I couldn't find a topic quite like mine when I used the search function, but if there is a post about this already, you can just redirect me there.
A Pre-Lab question for my upcoming Iron Titration Lab is:
Using data generated by following the procedure in the lab, you calculate that there is 3.315 x 10-5 mol of Fe2+ in an average 10.00 mL sample of your stock solution. Calculate how many mg of Fe2+ were present in a single tablet. Note that you initially dissolved two tablets to make the 100.0 mL of stock solution.

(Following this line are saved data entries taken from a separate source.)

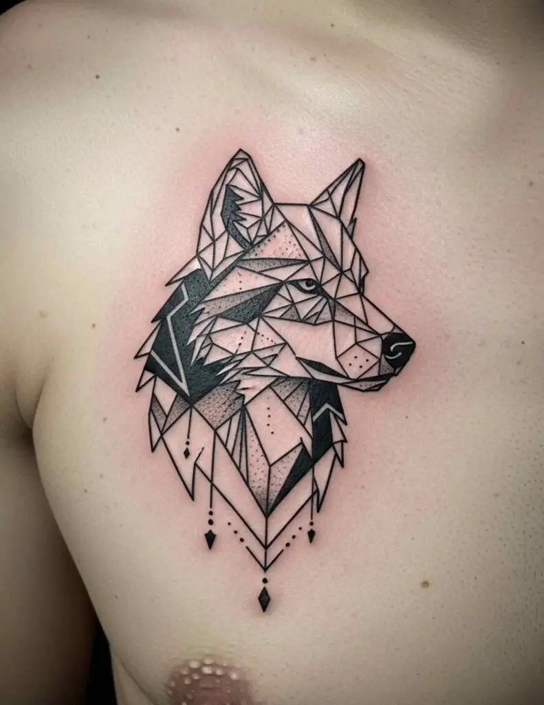 A geometric wolf centred on the chest, the angular planes filling the sternum area with geometric precision. The chest placement gives the wolf a confrontational, totemic quality. The wolf facing outward from the chest with geometric authority.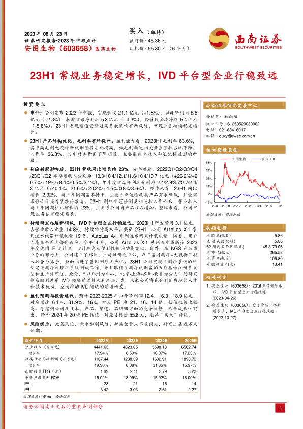 安图生物2023年上半年业绩在新冠业务高基数影响下仍展现出常规业务的稳健增长,剔除新冠影响后营收同比增长约23%。公司通过产品结构优化提升了毛利率,并持续高强度投入研发,在自动化流水线和基因测序等前沿领域取得显著进展,稳步构建IVD平台型企业优势。基于对公司未来成长性的判断,报告预测2023-2025年归母净利润将持续增长,并维持“买入”评级,目标价55.8元,但同时提示了政策、竞争、新品放量及研发进展等潜在风险。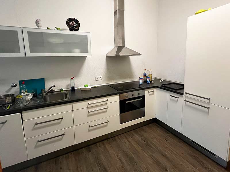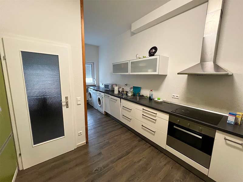 Die Wohnung ist möbliert und bezugsfertig, so dass Sie einfach und Ihr Zimmer beziehen können. Eine Einbauküche mit Herd + Backofen und Kühlschrank, Waschmaschine, Trockner sind ebenfalls vorhanden. Parken kann man kostenlos direkt an der Straße.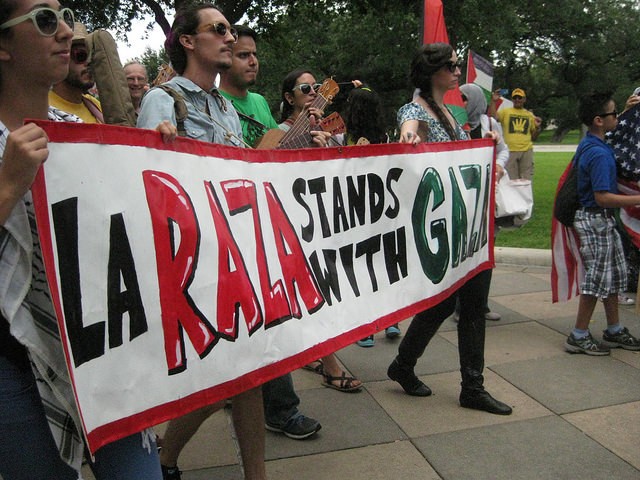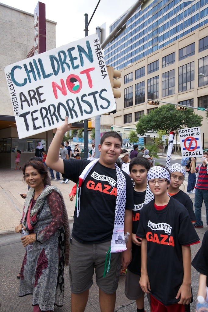 The Austin sponsors for the rally and march included the Interfaith Community for Palestinian Rights (ICPR), the Palestine Solidarity Committee (University of Texas at Austin), the International Socialist Organization (ISO), and the Austin chapter of the Muslim American Society.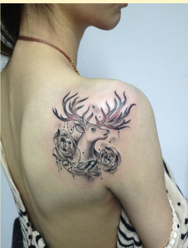 女生肩背漂亮好看的羚羊玫瑰花纹身图图片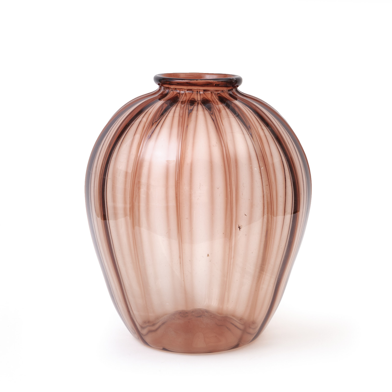 Un grande vaso costolato in vetro trasparente ametista circa 1925.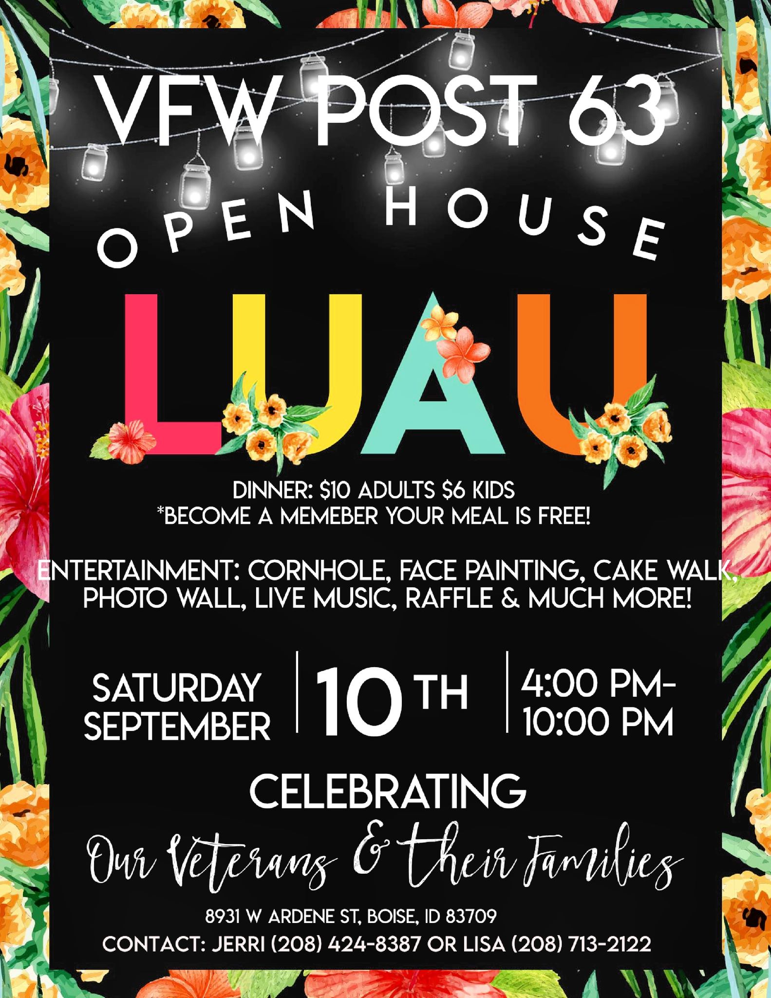 « All Events This event has passed. Luau and Open House! September 10, 2022 @ 16:00 - 22:00 $10.00 « VFW District 5 Honor Guard Event Post Closed » Dinner is pulled pork, baked beans, coleslaw and chips $10 for adults and $6 for kids under 12yrs. Post Views: 0 Add to calendar Google Calendar iCalendar Outlook 365 Outlook Live Details Date: September 10, 2022 Time: 16:00 - 22:00 Cost: $10.00 Event Category: Events Event Tags:Luau, Open House, post63, PostHome Venue VFW Post 63 8931 Ardene St. Boise, ID 83709 United States + Google Map
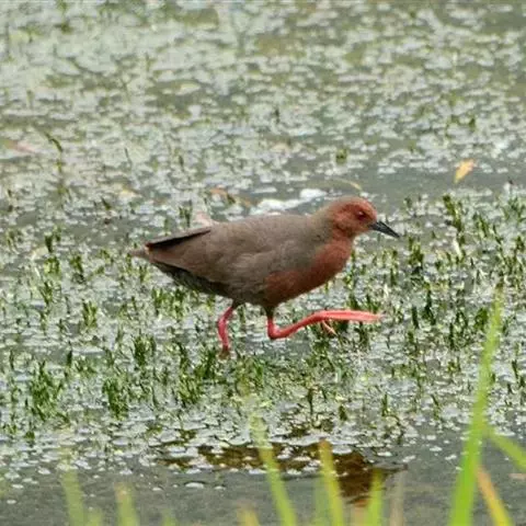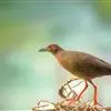 红脚苦恶鸟(学名:Amaurornis akool)是鹤科秧鸡属的中等体型的鸟类,共有2个亚种。体长约28厘米,体形大小似秧鸡。嘴短,其长度约为跗蹠的2/3,嘴形多样。嘴基稍隆起,但不形成额甲。翅较圆,第1枚初级飞羽较短,第3枚初级飞羽最长,第2枚与第5枚或第6枚等长。跗蹠细长,其长度短于中趾连爪。色暗而腿红。上体全橄榄褐色,脸及胸青灰色,腹部及尾下褐色。幼鸟灰色较少。体羽无横斑。飞行无力,腿下悬。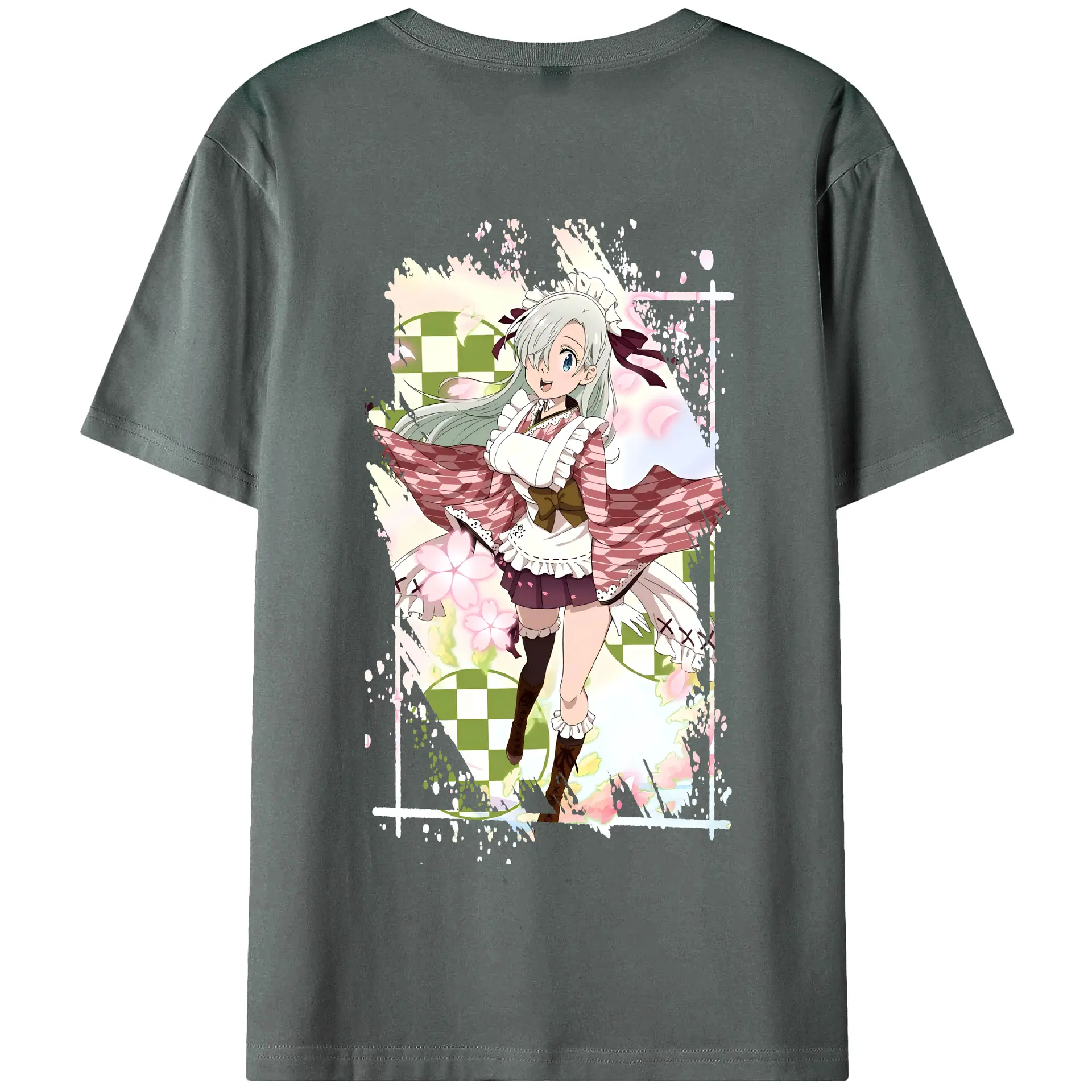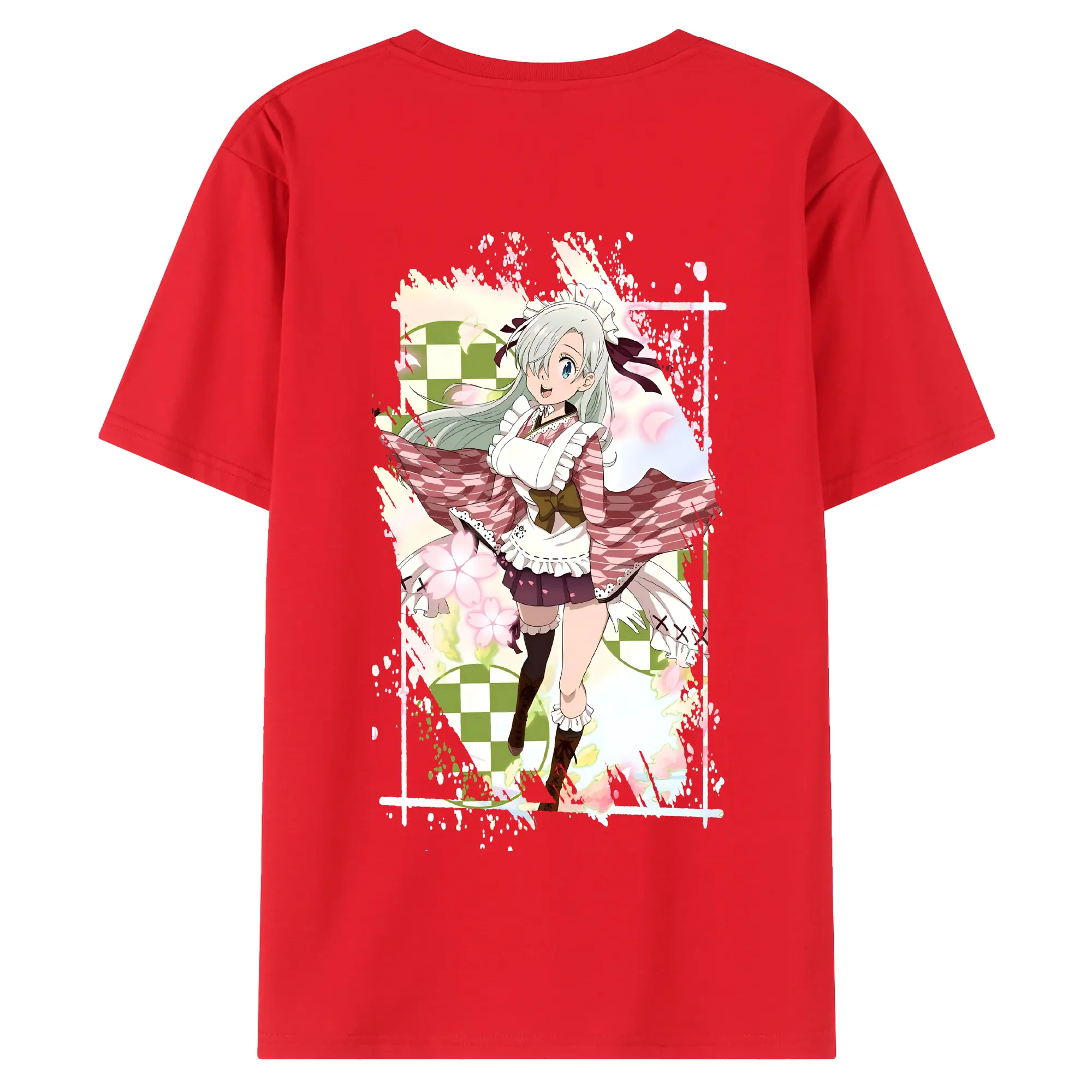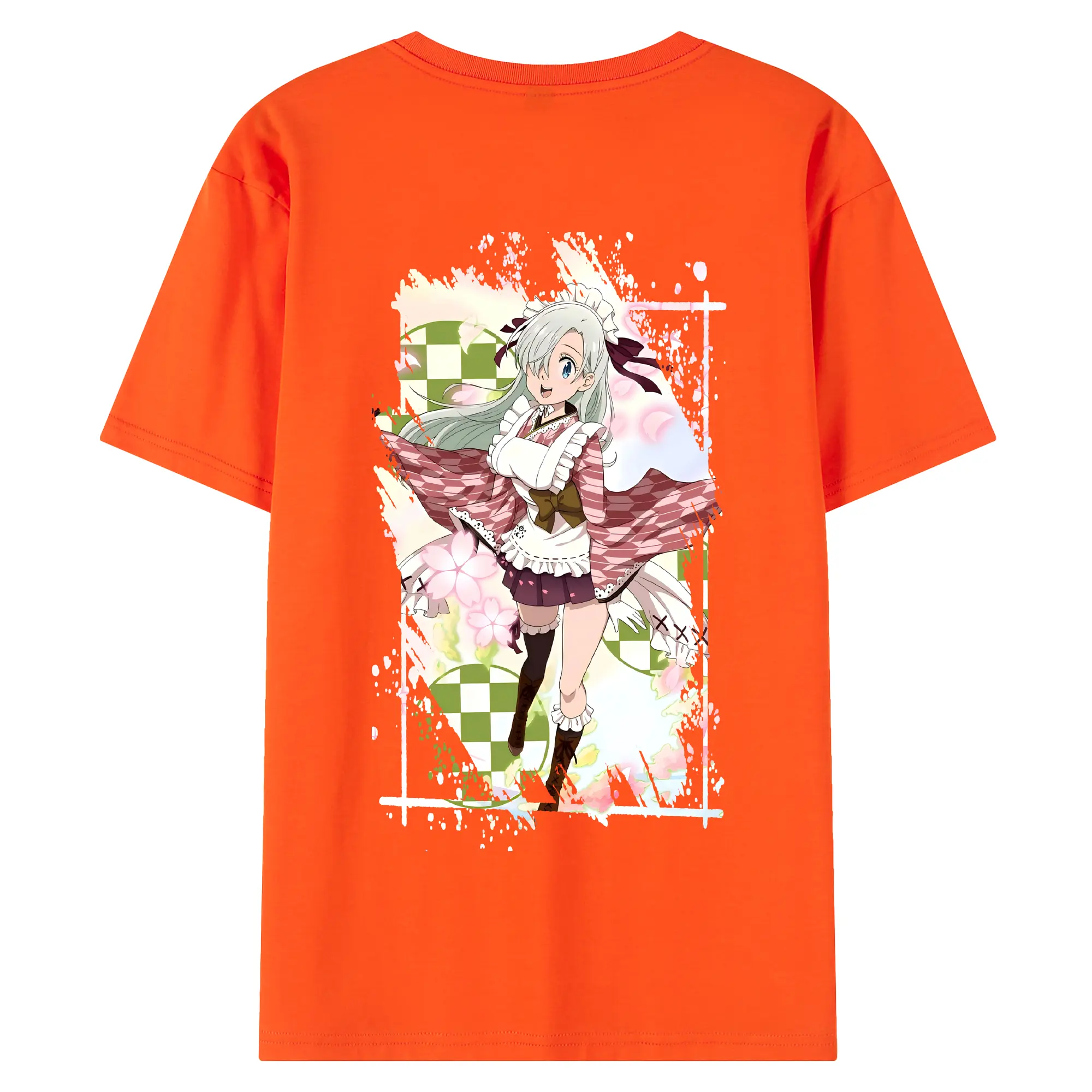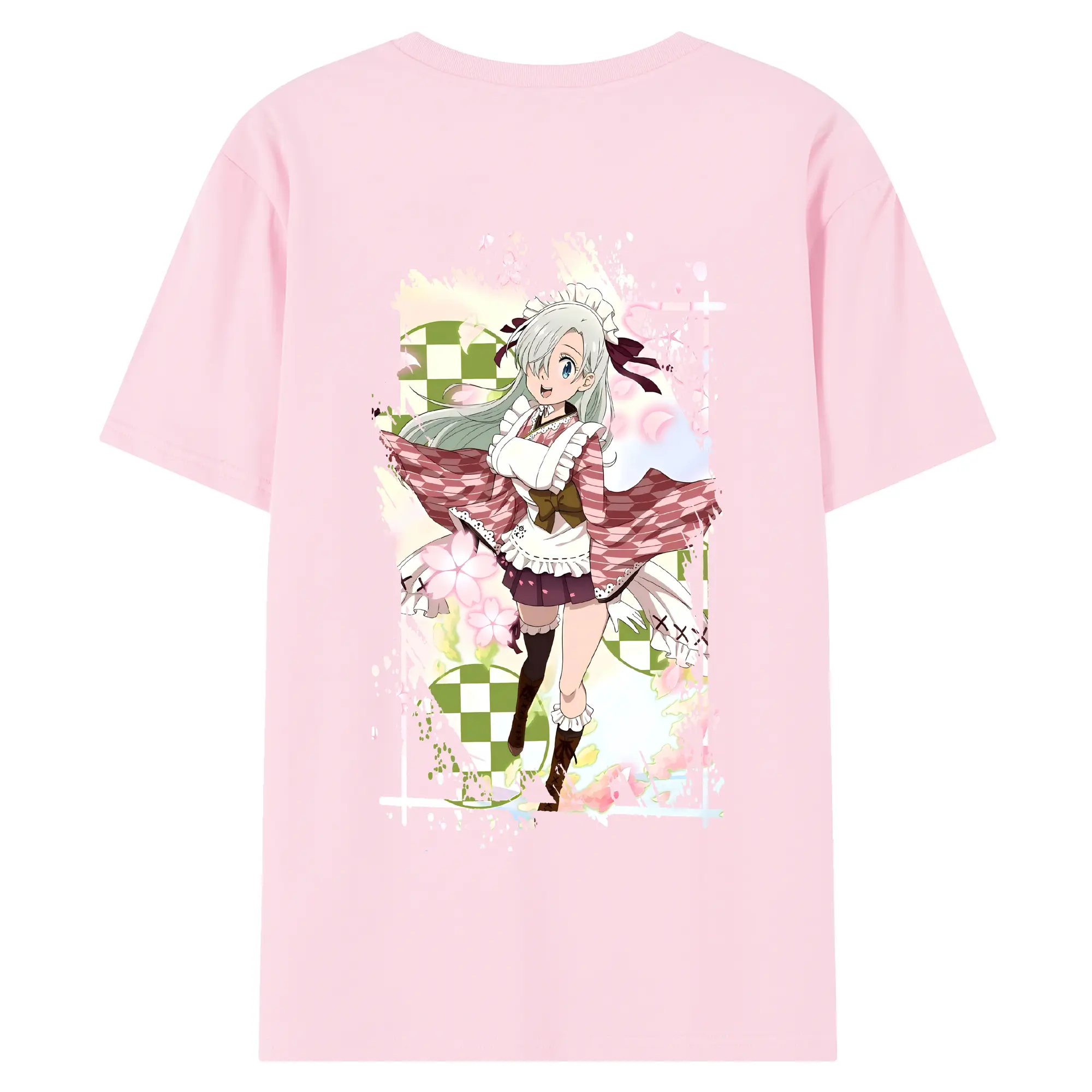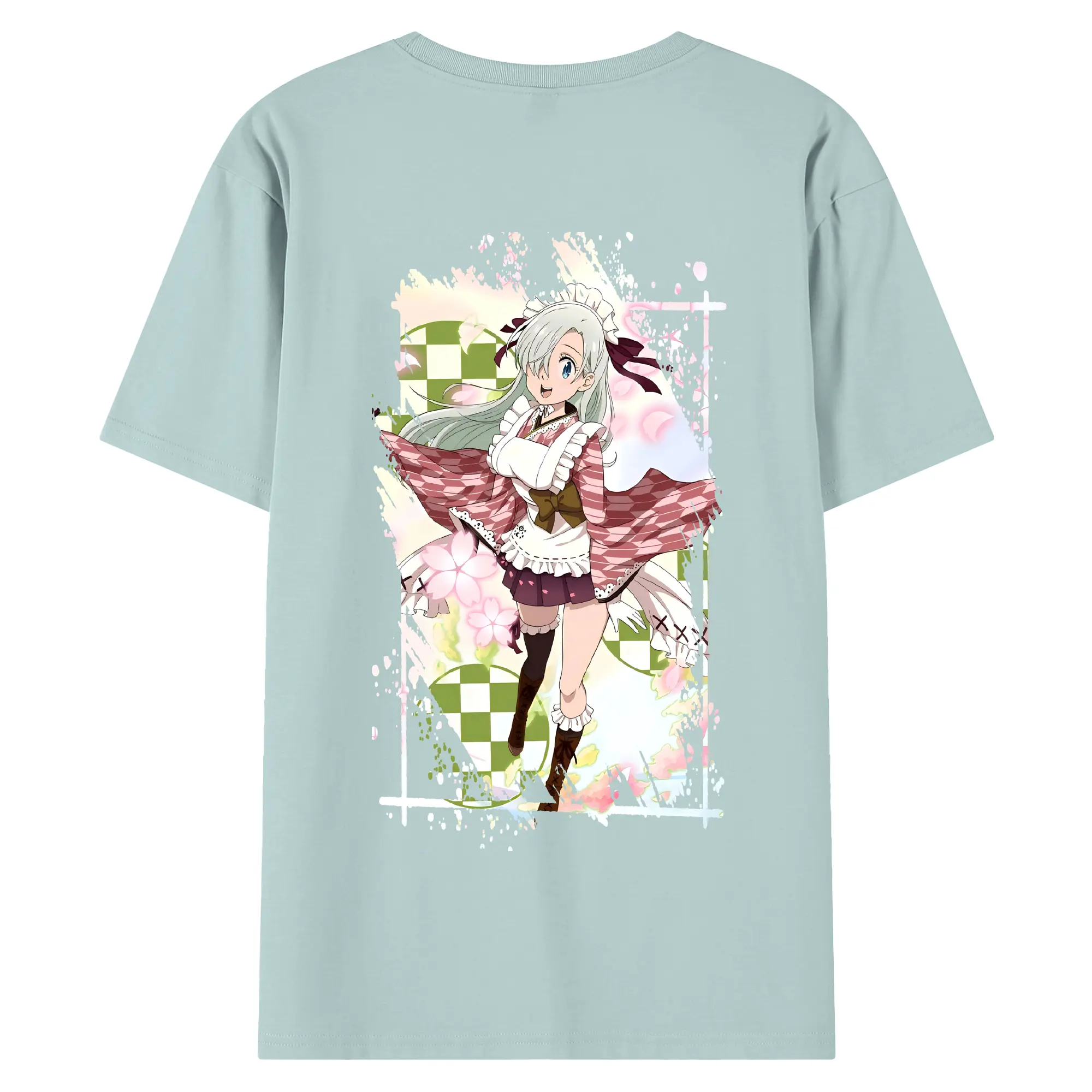 七つの大罪 グッズ エリザベス - 綿100% 半袖Tシャツ ・ フロントプリント ・ 快適 通気性 ・ 日常使い 散歩 スポーツ用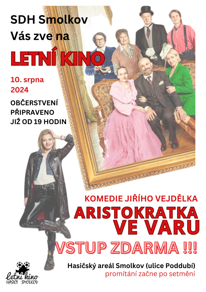 SDH Smolkov Vás zve na letní kino "Aristokratka ve varu" - sobota 10. srpna 2024, hasičský areál ve Smolkově.

We went over this type of calculation in class, the example we used was:
Molecular Weight: 278 FeSO47H2O/mol
1 mole Fe2+ = 1 mole FeSO47H2O
If there are 2.40x10-4 mol Fe2+ we calculated that there are 334mg FeSO47H2O/tablet:
(2.40x10-4 mol Fe2+ / 10mL) * (100.0mL / 2 Tablets) * (1m FeSO47H2O / 1m Fe2+) * (278.0g FeSO47H2O / 1m FeSO47H2O) * (1000mg / 1g) = 334mg FeSO47H2O / Tablet
I used this example, given by my professor, to find the Pre-Lab calculation:
(3.315 x 10-5 mol Fe2+ / 10mL) * (100.0mL / 2 Tablets) * (1m FeSO47H2O / 1m Fe2+) * (278.0g FeSO47H2O / 1m FeSO47H2O) * (1000mg / 1g) = 46.1mg FeSO47H2O / Tablet
The available answers are:
18.51 mg
7.448 mg
10.92 mg
0.9256 mg
8.422 mg
9.256 mg
8.711 mg
I don't really know what I am doing wrong, so thank you for the help.